Richard Desmond 'plans National Lottery bid'

Richard Desmond Image copyright Reuters
Image caption Richard Desmond is chairman of Northern and Shell

Richard Desmond, the owner of the Daily and Sunday Express newspapers, plans to bid for the right to run the National Lottery when it comes up for renewal.

The plans by Mr Desmond, who runs the Health Lottery, have been reported in the Financial Times.

Camelot has held the UK's lottery franchise since it was set up in 1994.

A challenge to its monopoly would be the first since Sir Richard Branson's Virgin Group failed to win the franchise in 2000.

Camelot has the right to run the National Lottery until 2023 - after securing a four-year extension to its contract in 2012. It expected the franchise renewal process will begin in 2019.

A bid would be made through Mr Desmond's company, Northern and Shell, which owns his newspaper and magazine titles.

He has run the loss-making Health Lottery since 2011. It is not a national lottery but a collection of 51 local society lotteries that raise funds for health-related good causes.

However, they collectively pay out less in winnings than the National Lottery.

Camelot failed in a 2012 High Court bid to have the Gambling Commission's licence for the Health Lottery revoked.

Martin Ellice, joint managing director of Northern and Shell, told the FT the company would make a bid, saying: "We're in the lottery business now."
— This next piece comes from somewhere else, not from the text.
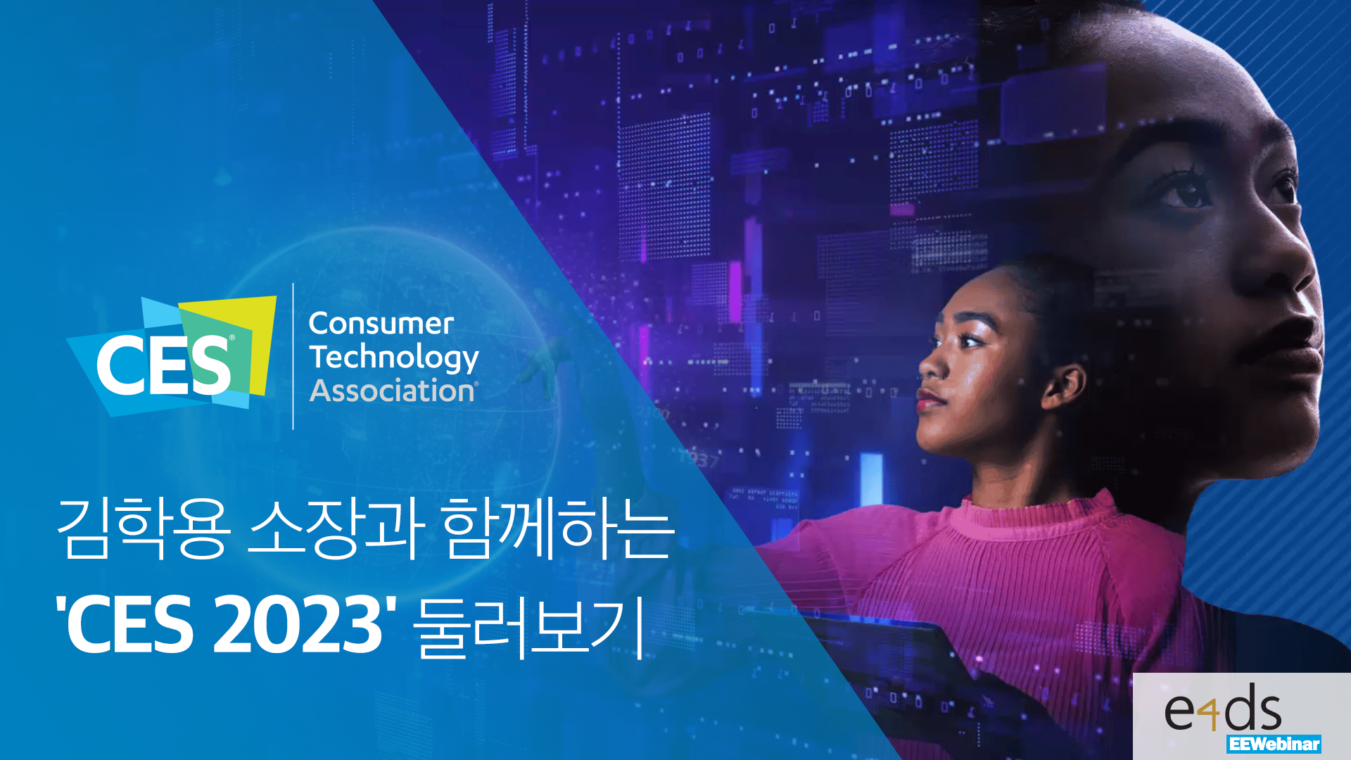 이에 e4ds에서는 이번 CES 2023에 직접 참여해 최신 기술을 살펴본 김학용 디지털비즈니스인사이트연구소 IoT 전략연구소 소장을 초청해 현지에서 직접 살펴본 출품 기술과 컨퍼런스 등을 통해 발표된 최신 기술 동향에 대해 들어보고 향후 전자 산업의 미래에 대해 조망해 보는 자리를 마련했습니다.

Mr Desmond sold Channel 5 to Viacom, the MTV and Nickelodeon owner, for £450m in 2014 and is in talks with the Mirror Group to sell the Express and Star titles.
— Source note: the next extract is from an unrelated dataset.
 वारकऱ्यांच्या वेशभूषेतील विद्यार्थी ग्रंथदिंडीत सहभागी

Ontario Teachers' Pension Plan, one of Canada's biggest pension funds, bought Camelot for £389m in 2010.

Northern and Shell is expected to highlight its UK ownership in its bid.

Paul Ashford, the company's group editorial director, told the FT: "The British people would not mind a British company doing the British lottery."

Earlier this year Camelot announced a strategic review after ticket sales fell by 8.8% to just under £7.6bn for the 12 months to 31 March.

Camelot has argued that greater competition would reduce the share of ticket sales that go to winners, good causes and in tax. That figure stood at 95%, the company said.

The National Lottery has awarded more than £63bn in prize money, making some 4,600 people millionaires.

Camelot declined to comment further.

Northern and Shell could not be reached by the BBC.

The BBC broadcast the Saturday National Lottery draws on BBC One until January this year, but now shows them on iPlayer.

The National Lottery Awards, which recognises recipients of National Lottery Good Causes funding, will continue to be shown on BBC One.